We evaluated the clinical efficacy of alglucosidase alpha enzyme replacement therapy (ERT) in 77 patients with late-onset glycogen storage disease type 2 (GSDII) at various stages of disease progression. Previous studies on efficacy led to demonstrate ERT efficacy against placebo in a 18 months study (LOTS, van Der Ploeg, NEJM, 2010). Seventy-seven juvenile or adult patients were treated with ERT in a multi-centre open label non-randomized study with regular clinical assessment for up to 54 months.
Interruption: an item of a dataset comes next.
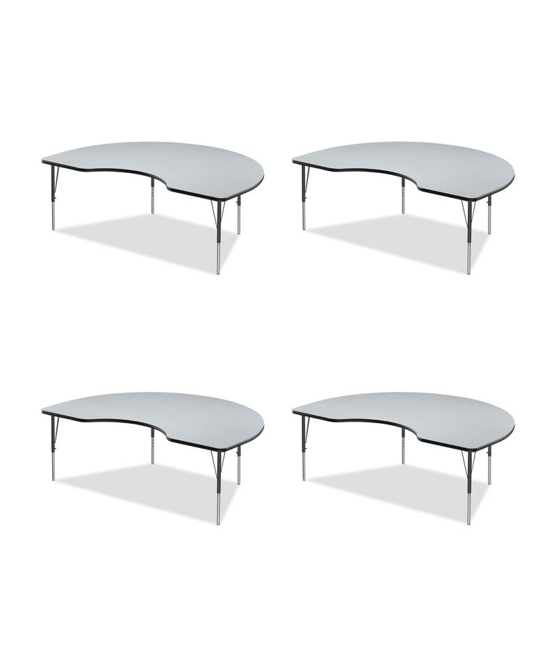 Adjustable Activity Tables, Kidney Shaped, 72" x 48" x 19" to 29", Gray Top, Gray Legs, 4/Pallet

Recombinant human alpha glucosidase (rh-GAA) was injected by intravenous route at 20 mg/kg i.v. every second week. For analysis, patients were divided in three groups: one group received ERT treatment for 12-18 months, a second group received ERT treatment for 24-30 months, and a third group patients were treated for over 36 months. Clinical assessment included a 6-minute walk test (6MWT), the Walton and Gardner-Medwin scale, forced vital capacity (FVC) and blood creatine kinase (CK). All tests were performed at baseline and every three months thereafter. ERT was associated with a longer walking distance on the 6MWT. FVC was stabilized in most patients, and a significant decrease in number of hours off the ventilator was found in several patients. Few adverse effects were observed, leading to discontinuation of treatment in 1 patient. ERT appears a long term reasonable safe treatment for all patients examined. The response pattern in a single patient was variable and not always correlated with treatment duration.